Iraq plunged into a bloody civil war after Saddam Hussein was toppled in 2003 and Libya has also been plagued by violence following the 2011 Anglo-French-led campaign in Libya against Colonel Muammar Gaddafi's regime.

Mr Corbyn denied he was a "pacifist" and vowed that his first duty, if Prime Minister, would be to do "everything necessary to protect the safety and security of our people and our country". However, the Labour leader and former chairman of the Stop The War Coalition has clashed with his own party, including shadow defence secretary Nia Griffith, over his opposition to Britain's nuclear deterrent.

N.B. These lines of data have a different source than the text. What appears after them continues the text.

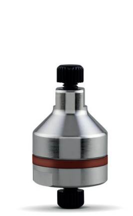
Figure 1: CIMac SO3 Analytical Column

Fast, accurate, and meaningful characterization of cell culture harvests and in-process samples is critical for both process development and for documentation of in-process control. UV analysis of chromatography profiles has been a valuable tool for decades, but it has major limitations with respect to sensitivity and its ability to discriminate the product of interest from particular contaminant classes. In this study we use filtered lysate containing AAV 8 to demonstrate the ability of a strong cation exchange monolith CIMac SO3-0.1 coupled with multiple monitors to enable high sensitivity detection of AAV capsids while characterizing the relative distributions of DNA and protein contaminants. This approach can be used to evaluate cell culture methods, influence of harvest time, lysis methods, and effectivity of purification methods across a process.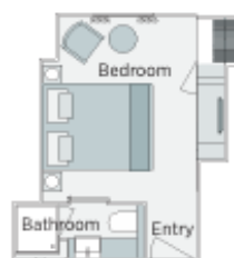
Emerald Stateroom 162ft² (15m²) CAT D CAT E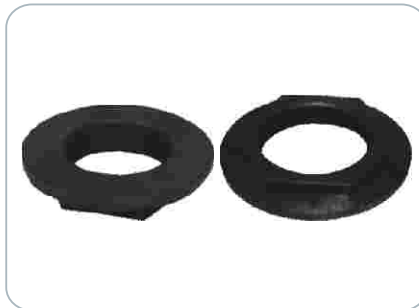
Axle Nut trailer (1=LH; 2=RH) Size : 60x2 p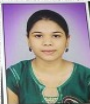
First Topper (9)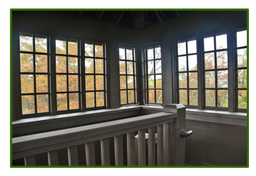
Inside the reconstructed cupola, fall 2015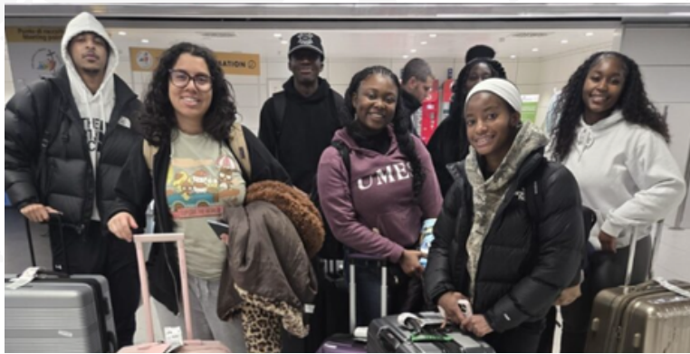
Students pose together upon arriving in Rome, Italy.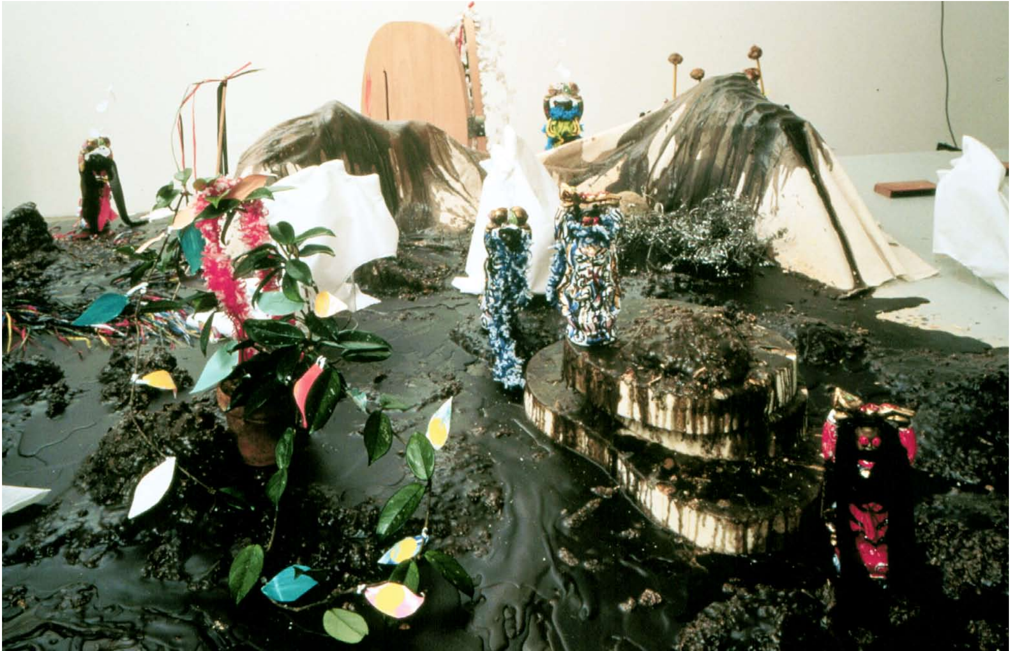
BLOWTORCH THE HOOD, CROSSDRESS TRESPASS

A Wild Zone is a refuge within the organised structure of society. It is not a marginal place, but an experimental area, which develops parallel to the controlled and established relations of everyday life. For the exhibition at Witte de With, Tee is inspired by hip-hop and motor race culture. In her installation she turns stereotypical macho signs into colourful objects and rapid images. The absurdity of the combination of objects and the enlargement of familiar images make Tee's installation an alienating experience. She specifically addresses her interest in the conditioning and manipulation of human behaviour and the effect subcultures have on this.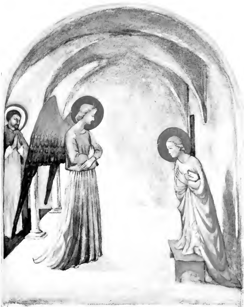
THE ANNUNCIATION. By FRA ANGELICO

"The gentle Virgin bending before the Angel messenger"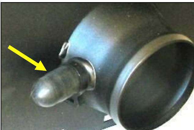
17. 2002 & 2003 Models Only: Slip the black rubber cap over the nipple on the Cool Air Dam and secure using the #19 Speed clamp provided.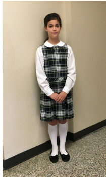
Plaid Jumper FOH Style #94, Plaid #45

Navy or black bike shorts worn under jumper for modesty. (any source)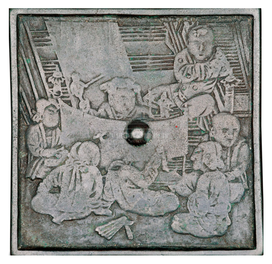
Figure 7. Bronze mirror showing children playing puppet show, Song dynasty (960–1279), 11×11cm. National Museum of China, Beijing.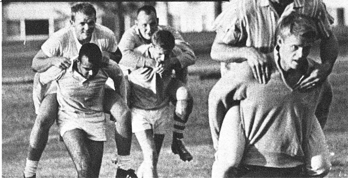
WOULD YOU BELIEVE—RUGGER ... part of the conditioning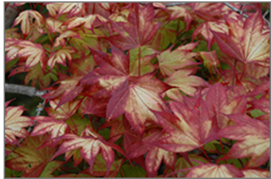
Tsuma Gaki Japanese Maple foliage

Tsuma Gaki Japanese Maple will grow to be about 10 feet tall at maturity, with a spread of 10 feet. It tends to be a little leggy, with a typical clearance of 2 feet from the ground, and is suitable for planting under power lines. It grows at a slow rate, and under ideal conditions can be expected to live for 60 years or more.

He has not ruled out an air strike to kill IS leader Abu Bakr al-Baghdadi but said he would first want to see the appropriate intelligence and how such action would help end the conflict in Syria.

His stance on security is believed to be putting off some traditional Labour voters and Theresa May today accused him of abandoning "patriotic working class people".

Armed forces minister Mike Penning added: "Jeremy Corbyn has spent a lifetime trying to disarm Britain but now he's pretending he's got what it takes to keep us safe. It's nonsense.

"We all want peace, but you can't take tea with terrorists who order attacks on innocent civilians on our streets."

Ms Griffith was noticeably absent from this morning's media rounds, with shadow international trade secretary Barry Gardiner instead appearing on TV and radio. She was said to have been unavailable.

Speaking at Chatham House in central London, Mr Corbyn later laid out a "triple commitment" for a new foreign policy of "defence, development, and diplomacy": "The best defence for Britain is a government actively engaged in seeking peaceful solutions to the world's problems. …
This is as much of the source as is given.